Job Involvement, And Career Retention Rate Among Nursing Personnel In Saudi Arabia

International Journal of Nursing and Health Science
© 2020 by SSRG - IJNHS Journal
Volume 6 Issue 1
Year of Publication : 2020
Authors : Ahlam A. Al-Maabadi
How to Cite?

Ahlam A. Al-Maabadi, "Job Involvement, And Career Retention Rate Among Nursing Personnel In Saudi Arabia," SSRG International Journal of Nursing and Health Science, vol. 6,  no. 1, pp. 58-65, 2020. Crossref,


A. Background: Nursing shortage is a critical problem in Saudi Arabia that could negatively affect the quality of care provided to the patients.

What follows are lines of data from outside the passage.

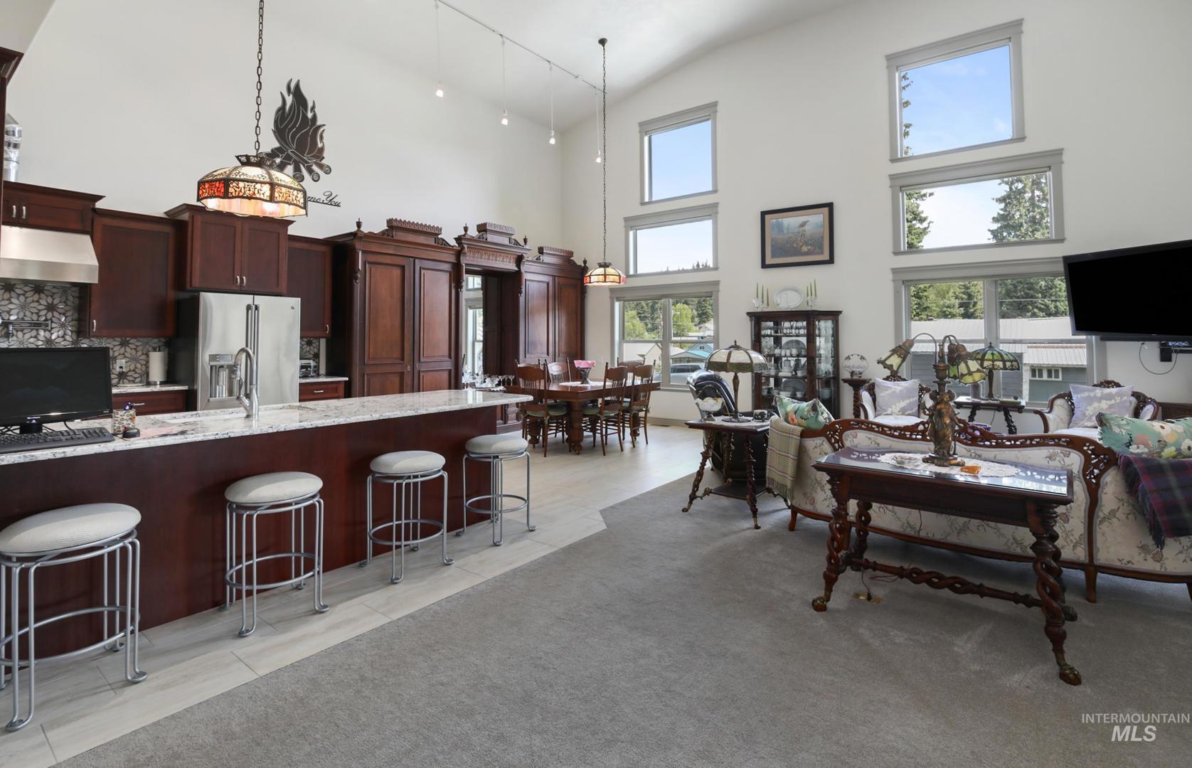 Welcome to a truly unique property that blends historic charm with modern convenience in the quiet mountain town of Pierce. This custom-built shop-house offers the perfect blend of function and comfort, with space, style, and standout features you won’t find anywhere else. Step into the main-level primary suite, where you’ll enjoy the ease of single-level living complete with a private en-suite bathroom. All designed for practical luxury. The kitchen is a showstopper, anchored by a stunning custom-installed black walnut pantry imported from an 1800s home in Philadelphia—an incredible piece of history that sets this home apart. An antique Cherry facade fitted in the master bedroom is breathtaking. The heart of the living area boasts soaring 19-foot vaulted ceilings that flood the space with natural light, creating a warm, open atmosphere perfect for both quiet mornings and entertaining. Garage doors are 14` tall by 10` wide, RV hookups (2) 30 amp outlets. Generator is Generac porpane/electric. Additional lots across the street may be purchased as well.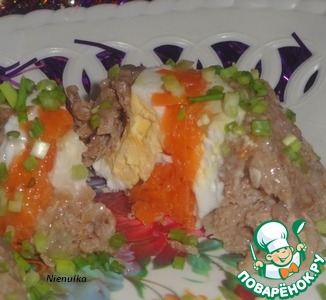 Яйцо отварное разрезаем вдоль на 4 части. Ставим кусочек яйца к мясу.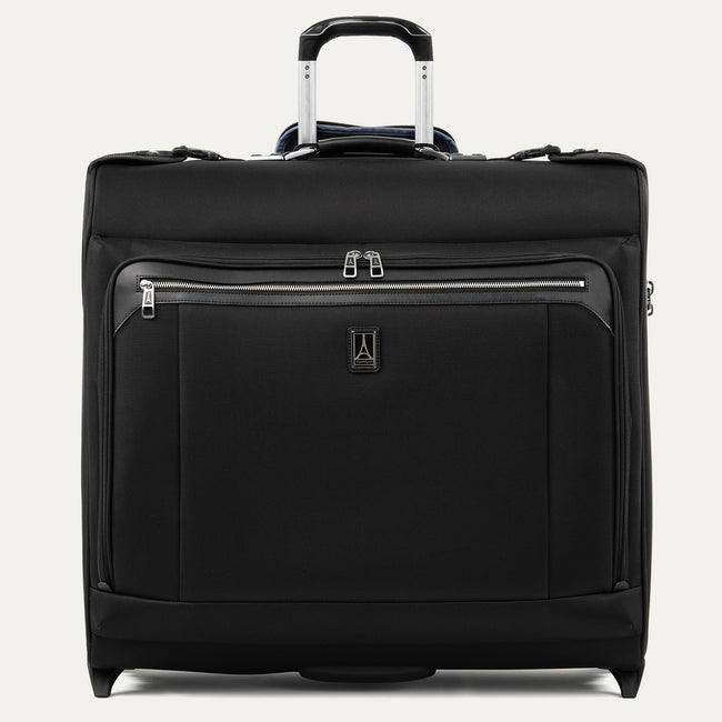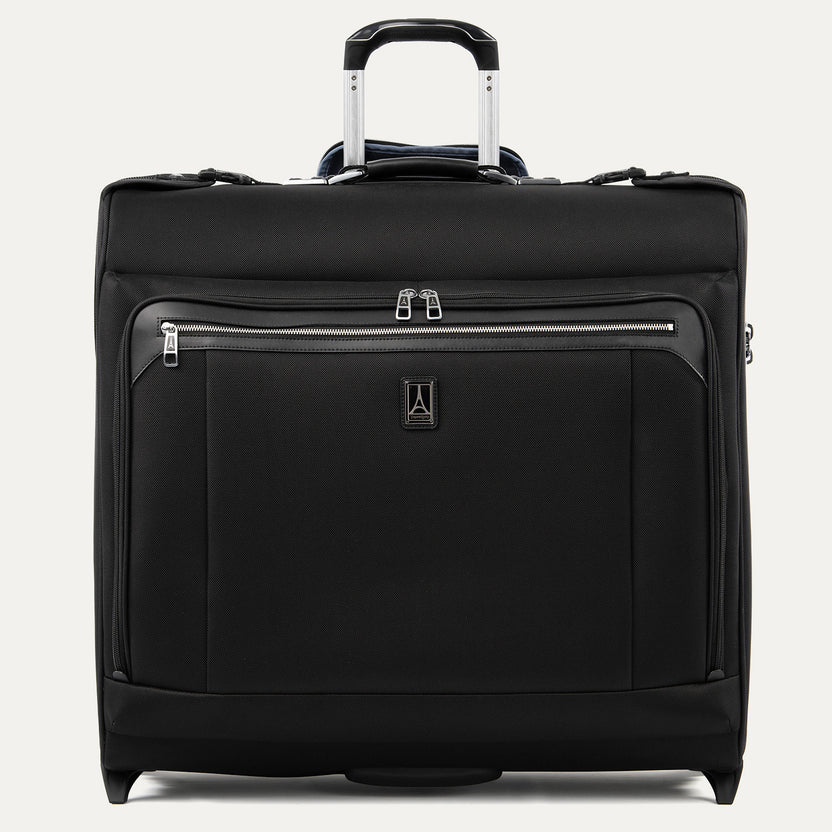Go large and in charge. The Platinum® Elite Rolling Garment Bag accommodates several hanging garments with its larger interior and a padded roll bar to guard against wrinkles. Multiple interior pockets accommodate folded clothing, undergarments, accessories and more, while a large exterior pocket and smaller zippered pocket provide ample room for a computer, tablet or other onboard essentials.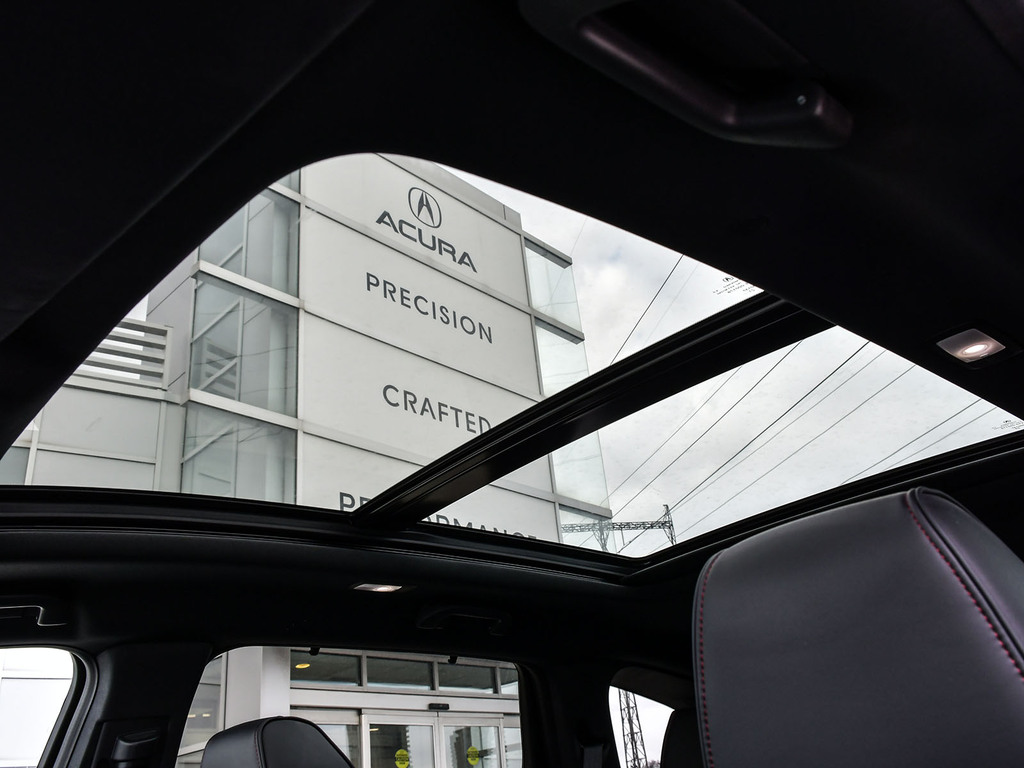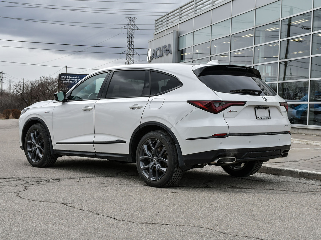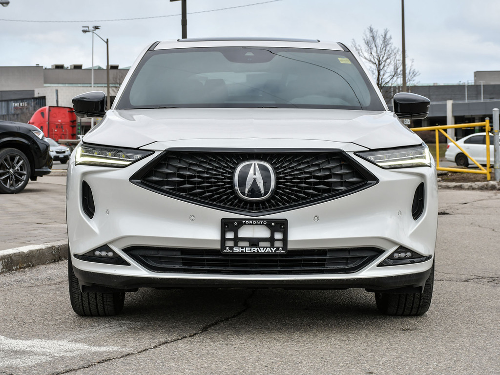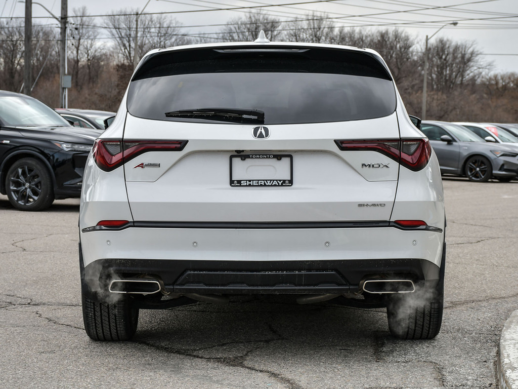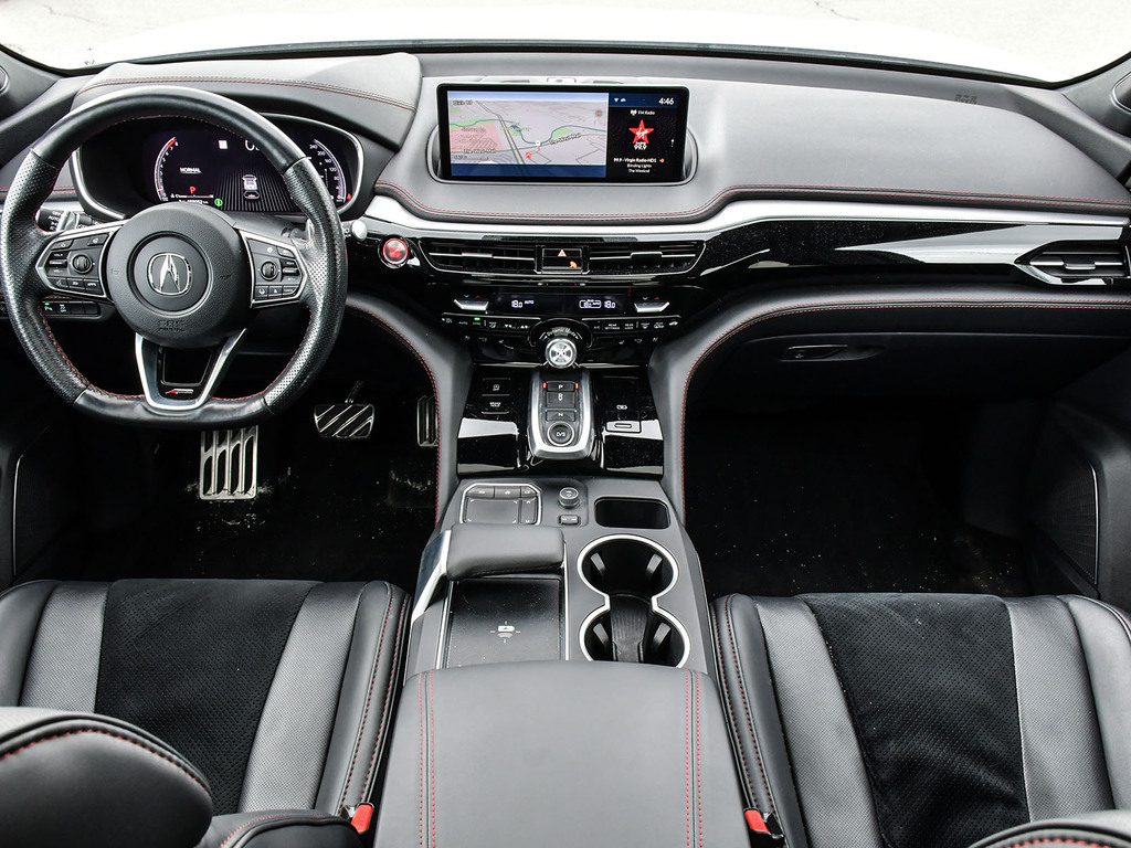 2023 Acura MDX A-spec. Acura Certified vehicle. 7 year 160,000 km warranty. The A-Spec package builds on the features of the Technology package, adding distinctive aesthetic and comfort upgrades. Exterior Styling: Features gloss black accents, dark-tinted lights, black trim, and large-diameter dual exhaust finishers for a bolder look. It rides on 20-inch Shark Gray aluminum alloy wheels. Interior Styling: The cabin features a sport-inspired design with NSX-inspired perforated Milano premium leather and Ultrasuede®-trimmed seating and red contrast stitching. It also includes a flat-bottom sport steering wheel, metal sport pedals, and available red leather interior. Audio System: Comes with an upgraded Acura/ELS Studio 3D® premium audio system with 16 speakers, including four overhead speakers. Comfort: Adds heated and ventilated front seats. It also features CabinTalk®, which allows front passengers' voices to be broadcast to the rear speakers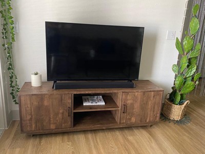Design your living space with variable, contrasting styles using the Homes: Inside + Out Fraire Farmhouse 60" TV Stand. A low profile conforms with trending styles for casual spaces. Its natural wood tone will create a nice visual boost and rustic upgrade when furnished with your media and electronic devices, while spacious storage compartments help organize and consolidate other media accessories. Make your media space more aesthetically pleasing with the charming Homes: Inside + Out Fraire Contemporary 60" TV Stand.
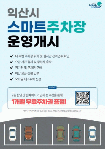 '익산시 스마트 주차 누리집' 또는 '카카오T 앱'을 통해 누구나 이용할 수 있다.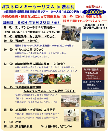 沖縄を代表する酒造メーカー(有)比嘉酒造と地域観光を企画する(有)沖縄スカイ観光サービスは、地域の魅力に触れながら沖縄の歴史と食文化を味わうモニター日帰りバスツアーを読谷村にて実施いたします。(実施日:2022年9月30日(金))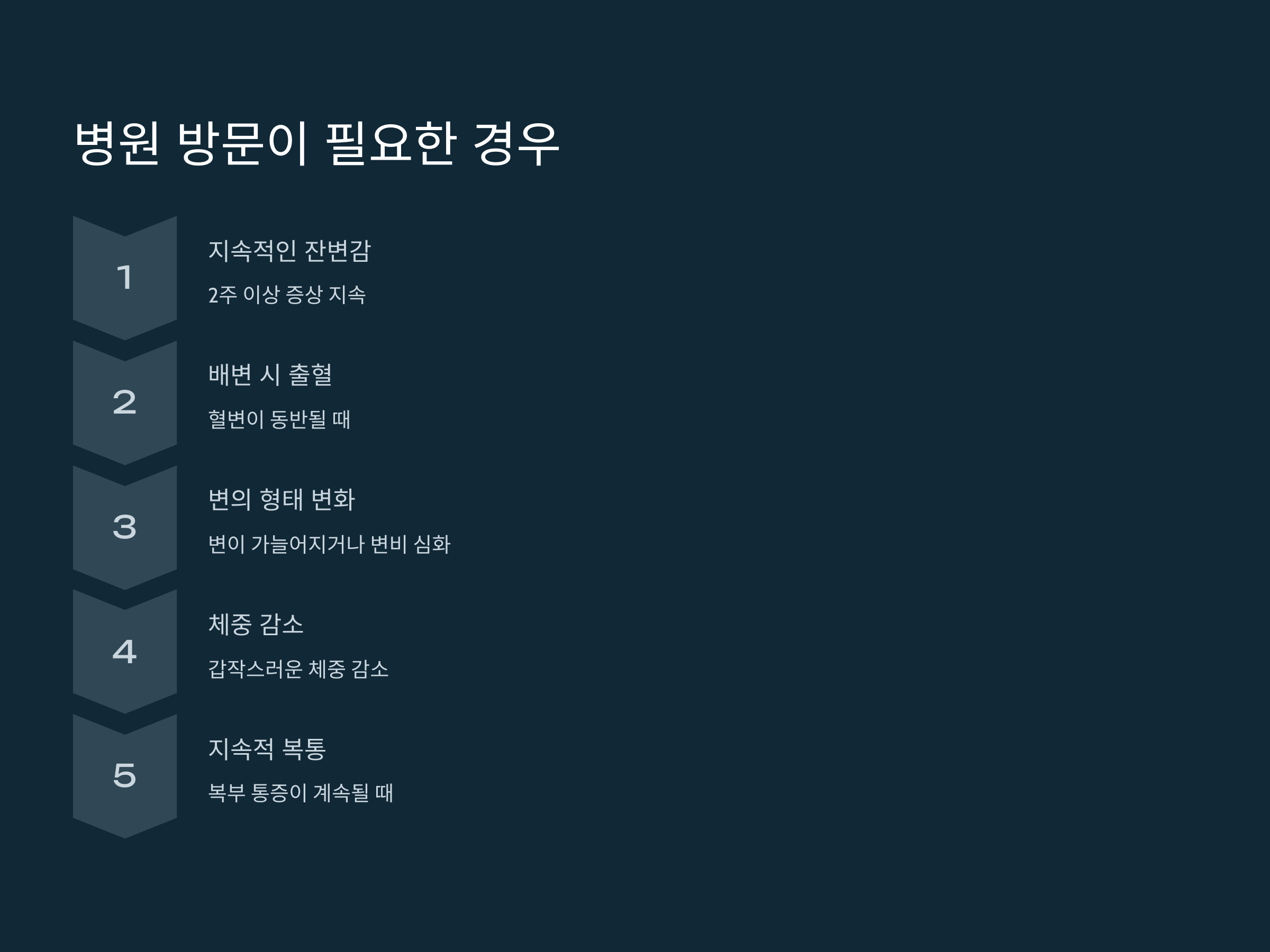 이러한 증상은 대장암, 크론병 등 심각한 질환의 신호일 수 있으므로 주의가 필요합니다.

However, the nursing shortage is continuing to grow with increased demand for nursing staff and an increased turnover rate. So, hospitals that provide a professional nursing involvement have been successful in attracting and retaining professional nurses. Investigate the relationship between job involvement and career retention rate could have a positive effect on minimizing nursing shortage and the declining turnover rate, which provides insight into the improvement of the quality of care provided to the patient.
B. Methodology: A descriptive correlational design was used in this study. The selected settings were the University hospital and Ministry of Health Hospital. A quota sampling technique was used to select the sample from the selected hospitals. The job Analysis and Retention Study (JARS) questionnaire was used in this study.
C. Results: The major study findings indicate a positive attitude feeling about nurses' jobs and increasing the rate of intention to stay. The nurse's age can influence intent to stay in her nursing position. Older nurses are more likely to remain in their jobs until retirement. Conversely, younger nurses seeking a variety of experiences may decide to leave their jobs or even leave the profession. The level of education is another important variable in nurses' intention to stay. Nurses with more education were better able to actualize their professional roles, had more autonomy at work, and, therefore, were more likely to stay. Regarding years of experience has been linked to nurses' decisions to stay in their jobs. The likelihood of leaving one's nursing position is highest in the first year of employment. The study recommends increasing the nurses’ level of intent to stay in their career, and nurse managers should develop an effective retention plan that helps to keep their staff either new or experienced nurses; retention is much more effective when you put the right person into the right job


Job involvement, Career Retention, Nursing.